Dans les années 1980, Albert Oehlen participe à plusieurs expositions et évènements, et s’il expose fréquemment aux côtés des néo-expressionnistes, il se singularise de ses derniers par un questionnement continu de la peinture, au-delà des clivages entre abstraction et figuration.
Les « Finger Malerei » ou peinture avec les doigts, dans sa transcription littérale de 2008, sont une recherche paradoxale d’une « belle peinture ». Il emprunte différentes techniques, notamment à l’Action Painting, mais sa palette de couleurs entre en conflit avec le graphisme rudimentaire des images et des affiches contrecollées sur la toile. Masquées par ses traces de doigts colorées de rose, de bleu, de vert, d’oranger, de traits noirs… les œuvres scintillent presque et l’émotion l’emporte en ouvrant une lisibilité belle. Oehlen utilise les collages dans ses œuvres graphiques, il détourne certaines images, les retranscrit avec un logiciel graphique, les agrandit, les dissimulent à peine sous la peinture, les découpe, les colle. Distorsion de formes d’expression. Traits calligraphiés ou pixellisés, rythme effréné d’une peinture musicale.
« Je ne sais pas vraiment ce que je veux, sauf faire de la peinture que je voudrais voir (…) Je sais que j’aime certaines procédures. Mais c’est aujourd’hui et ça peut changer.
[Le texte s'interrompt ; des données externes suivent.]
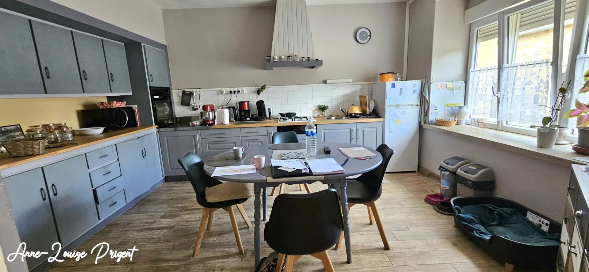 Au rez-de-chaussée : une entrée accueillante, une cuisine aménagée et équipée avec beaucoup de rangements, un lumineux séjour avec poêle à bois et un WC.
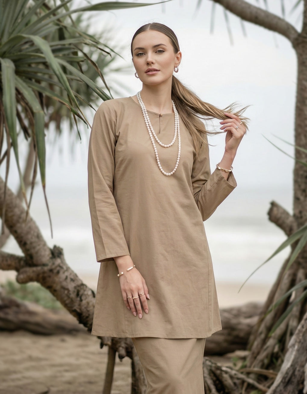 BAJU KURUNG PAHANG PESAK NAYALI (KHAKI)
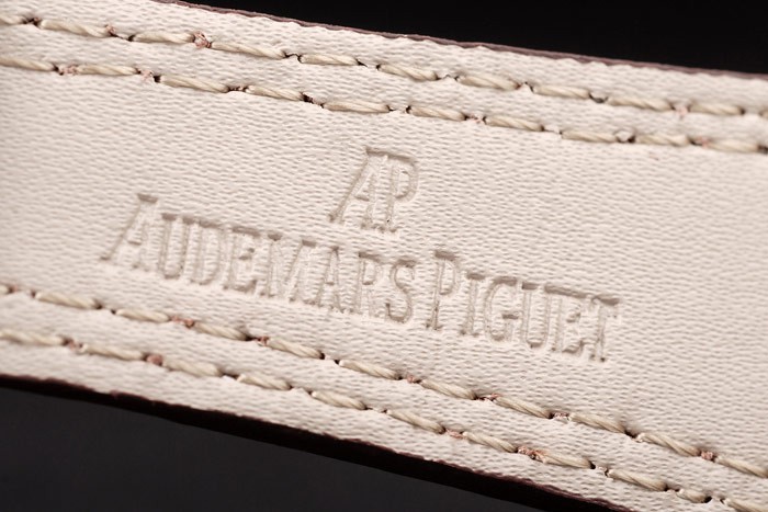 Bracelet: Heat embossed Audemars Piguet brown crocodile leather strap with double white stitching and Audemars Piguet engraved rose-gold plated fold-in clasp
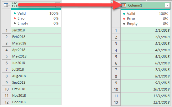 Let’s go to the Power Query editor and see what happened when I tried to convert these texts into date:

Dans les années 1980, je peignais avec des couleurs parce qu’elles étaient là simplement, et les objets avaient des contours noirs parce que c’était stupide et que j’aimais ça. Pendant un temps dans les années 1990, j’ai aimé le « très coloré » et je l’ai peint de manière à ce qu’il ait l’air « très coloré ». Maintenant j’accorde beaucoup d’attention aux couleurs et j’essaie de les manier avec soin. Il y a tout le temps des ordres qui me disent ce qu’il faut faire, mais derrière tout ça il y a ce souhait secret de faire une peinture incroyablement belle » Albert Oehlen, 2009
C’est ce secret que nous partageons, visiteur incertain dans cet univers explosé de couleurs sur fond blanc, entre réalité et abstraction.